L’intervista, l’amicizia. E poi?
«E poi Martini mi invitò a partecipare alla “Cattedra dei non credenti”. Martini secondo cui in ogni uomo c’è un credente e un non credente. Come non specchiarsi in ciò? Che cosa dissi dalla “cattedra”? Riflettei sulla differenza tra il quadrato e il cubo. Il quadrato è unicamente superficie. Il cubo è il contenitore di un mistero, ovvero l’uomo».
Come s’inizia il film?
«Una voce off interpreta un pensiero di Carlo Maria Martini: “Sapete, sono uno di voi”. Ma leverò “sapete”, nel titolo. Sono uno di voi, semplicemente, magnificamente, ritrae il Cardinale».
E come lo conclude?
«Ho chiaro, chiarissimo, l’estremo quadro. Esemplifica la sorte che tocca l’uomo al passo d’addio. Una sensazione che mi è successo di provare. L’intera vita ripercorsa in un soffio. Non c’è più tempo per le attenuanti, le giustificazioni, le vie di fuga...».
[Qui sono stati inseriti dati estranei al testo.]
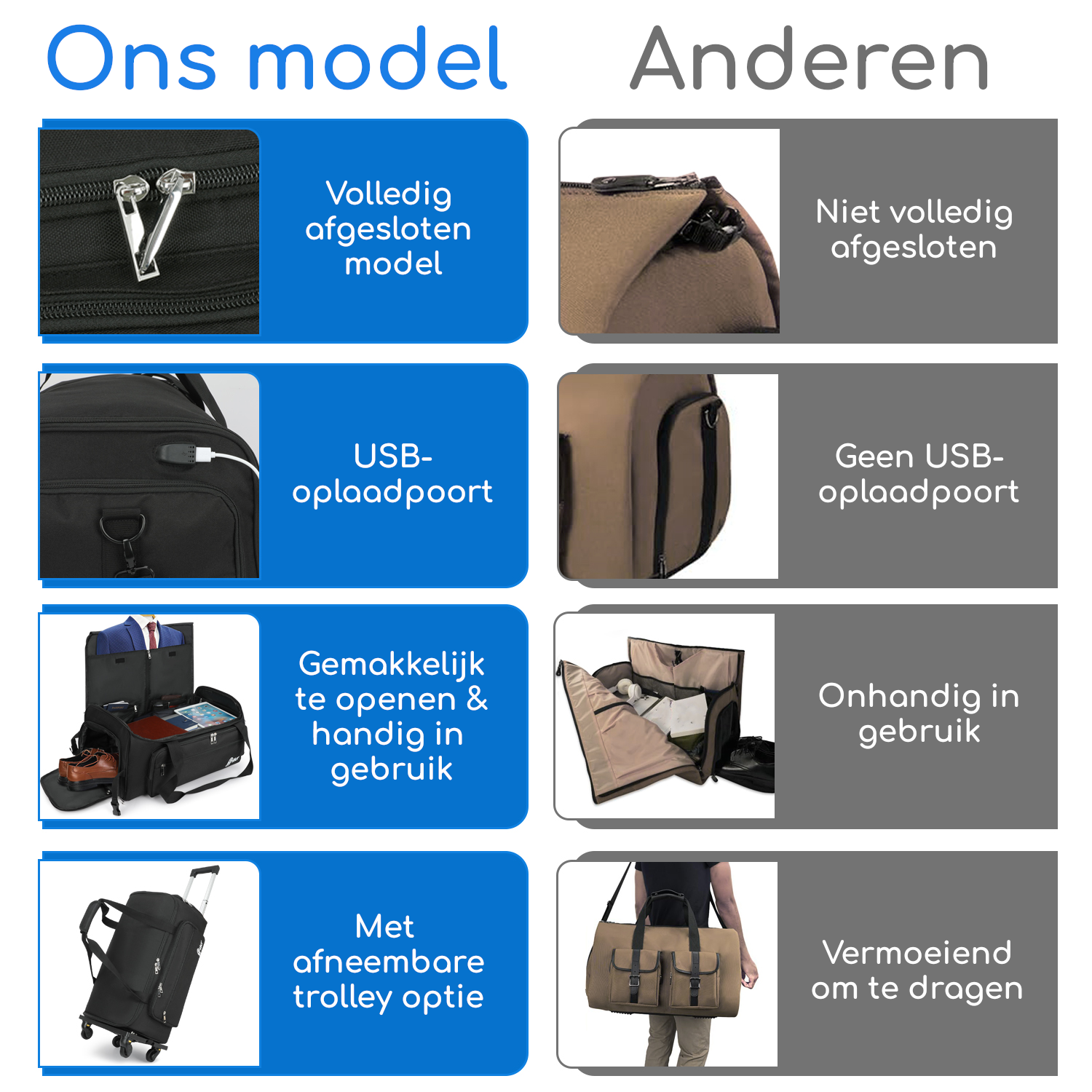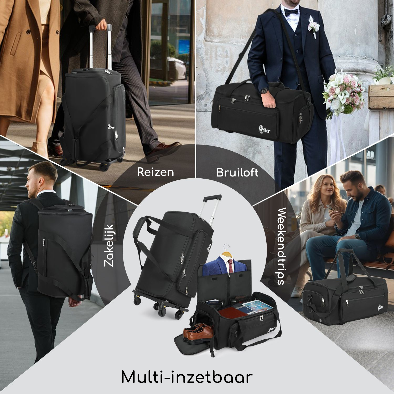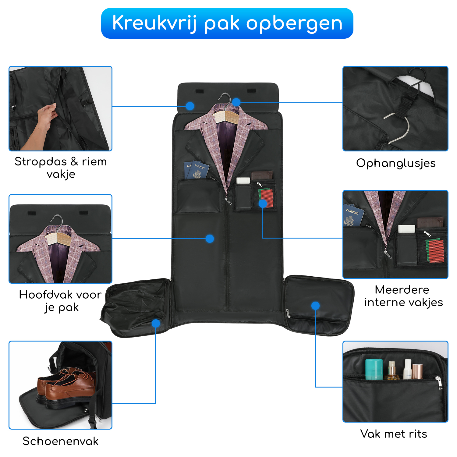 De tas biedt slimme compartimenten voor je pak, schoenen en andere accessoires zoals een stropdas, pennen en opladers. Alles heeft zijn plek, zodat je georganiseerd en stressvrij op reis kunt.

Che cosa di Martini risalta nel film?
«Martini nella stagione eversiva, della guerra civile, del terrorismo, i terroristi a che lui consegneranno le armi, non allo Stato. Se ne fa carico come vescovo e come cittadino, vescovo e laico. Martini che ristabilisce il dialogo tra credenti e non credenti, invitandoli a confidarsi reciprocamente: io confido in te, tu confidi in me. Martini che esce dalla Chiesa come luogo sacro e va nel mondo, mai giudicando: la secolarizzazione che discende per li rami, l’Incarnazione, no? La sua giornata era, fu, una celebrazione della vita e della morte e della resurrezione, la vicenda che è di tutti».
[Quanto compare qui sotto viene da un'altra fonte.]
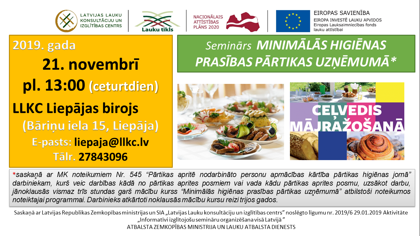 SIA "Latvijas Lauku konsultāciju un izglītības centrs" Liepājas birojs piedāvā semināru "Minimālās higiēnas prasības pārtikas uzņēmumā"*
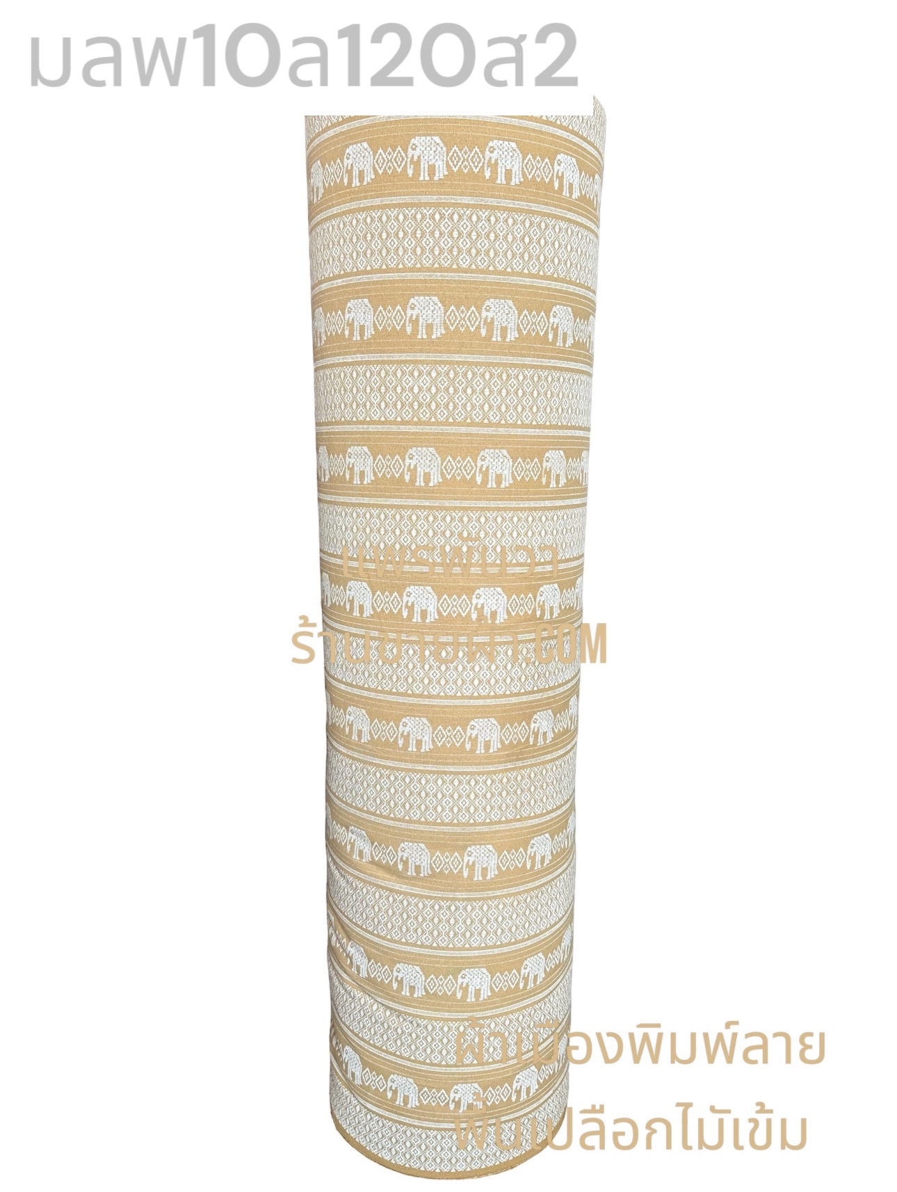 ผ้าเมืองพิมพ์ลาย-พื้นสี พื้นเปลือกไม้เข้ม ลายช้างผอม สีขาวนวล
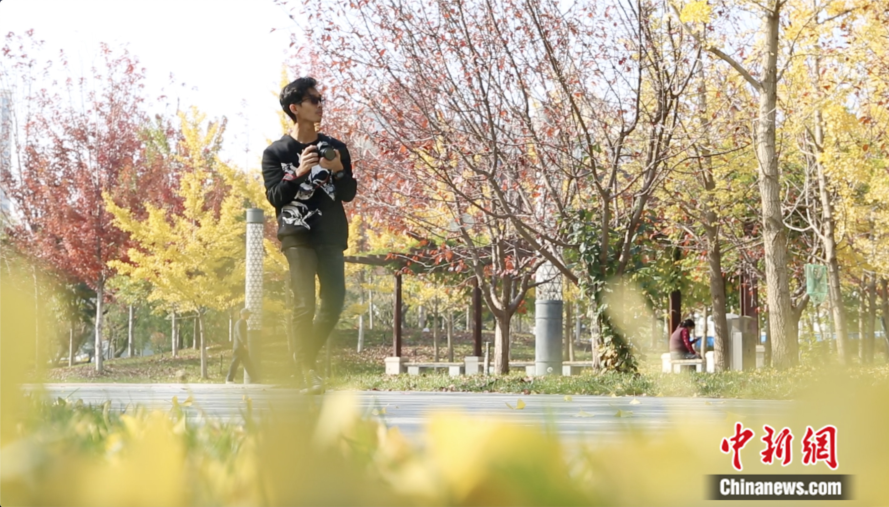 2023年10月,印尼留學(xué)生陳君其在校園中漫步,拍攝秋景。高瑩 攝
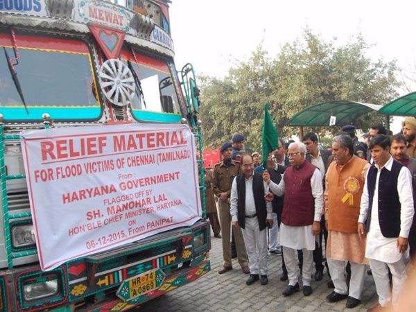 இதுதவிர, போர்வை உள்ளிட்ட நிவாரணப் பொருள்கள் அடங்கிய லாரியை அந்த மாநில முதல்வர் மனோகர் லால் கட்டர், பானிபட்டில் இருந்து நேற்று கொடியசைத்து அனுப்பி வைத்தார்.
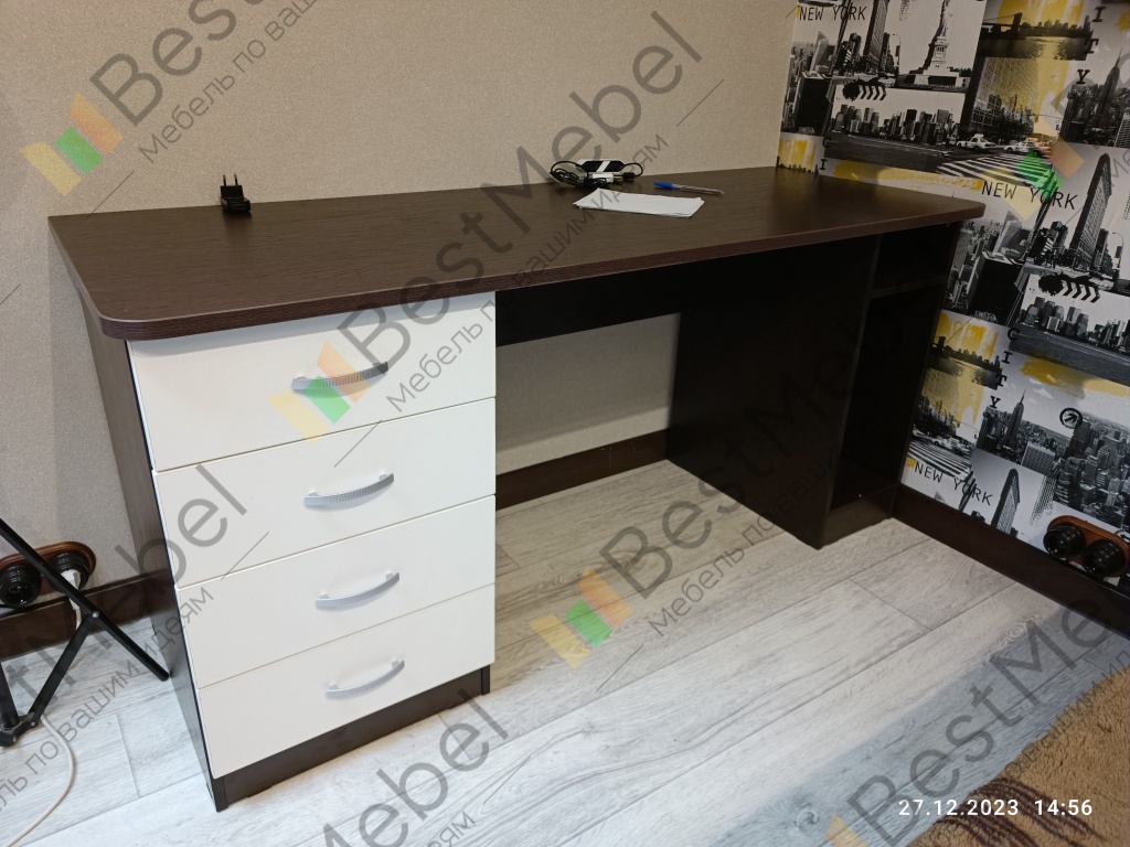 У стола не стандартные размеры, также были пожелания по отдельным элементам (один из которых вырез в задней части столешницы).Внешне очень понравился, хорошо вписался. Во качество на четверку, был небольшой скол в невидимой части стола и пара царапин с тыльной стороны - это не критично так как не видно. Так же в комплекте шли черные мебельные подпятники, хотя к такой расцветки - бежевые (может под цвет ручек ящика для контраста - не критично) Собирал сам, легко разобрался (есть электронный чертеж с описанием и номером детали) крепеж в полном комплекте.Хороший рабочий стол, по приемлемой цене. Спасибо!
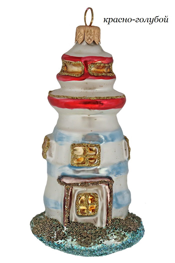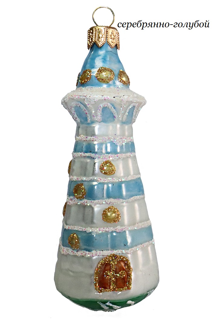 Украшение Маяк выполнено из стекла, декорировано переливающейся крошкой и золотым мелким бисером. В индивидуальной упаковке. Цвета в ассортименте. Размер 11см.
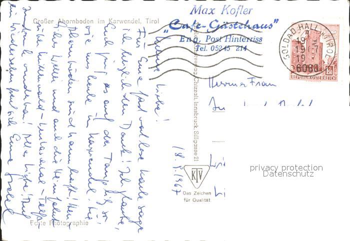 71922783 alte Postkarte Karwendel Grosser Ahornboden postalisch gelaufen Erhaltung siehe scans KatCode: 11390335070926

Frequentando Martini, e ora raccontandolo, ne ha scoperto il segreto?
«La consapevolezza di godere di un grande beneficio: l’essere, l’esistere. Fonte di un radioso stupore».
Martini spettatore di Olmi...
«Lo colpì Il mestiere delle armi. In particolare l’agonia di Giovanni, la sua durata: quaranta minuti... Gli sortì un fanciullesco “oh!”...».
Dall’Albero degli zoccoli, un mondo che naturalmente riconduce a Roncalli, a Sono uno di voi. Roncalli e Martini...
«Che cosa li accomuna? Sono rimasti fedeli, ma non legati, alla loro humus originaria. Contadino l’uno, borghese l’altro: comunicavano perché erano autentici».
Roncalli contadino: potrebbe essere un prete dell’Albero.
«Era, Roncalli, la gioia contadina che non è la preoccupazione di appartenere a uno stile. La gioia è un sentimento che è in sé stile».
Meditando sullaLettera ai Romani, Martini osservò: «Occorre che tutto alla fine giunga a proclamare la risurrezione, che è il tema centrale del Nuovo Testamento».
«Che cos’è per me la resurrezione? È “vedere” e non oscurare il divino dentro di noi. Non una speranza, ma una aspettativa di certezza».
In questa casa vicina alla dimora che fu di Mario Rigoni Stern non è mai arrivata una telefonata dal Quirinale che annunciasse la nomina a senatore a vita?
«No. E, eventualmente, come Montanelli, non avrei accettato».
Accettò, tra gli artisti, Eduardo.
«Eduardo, l’incapacità di distinguere tra palcoscenico e vita, tra osteria e strada... Ovvero la commedia dell’arte, nei secoli dei secoli».
Il regista del secondo Novecento che predilige?
«Roberto Rossellini, non v’è dubbio. Ci ha sollecitato a scendere dalla torre d’avorio, a camminare insieme con l’uomo, a sceglierlo, a scrutarne la storia, a cogliere, in questa e in quella storia, di questa o quella storia, la necessità».
E Fellini?
«“Ermannino – mi salutò a Milano, 1958, dopo aver assistito a Il tempo si è fermato -, non sarei mai stato in grado di girare un simile film”. Mi accoglieva in tal modo nella sua cerchia. In seguito onorandomi di un sogno trasmutato in un disegno, i quattro fratellini che salvarono l’universo dalla tragedia atomica. Già: chi ha detto che tutto è finito, che tutto dovrebbe finire?».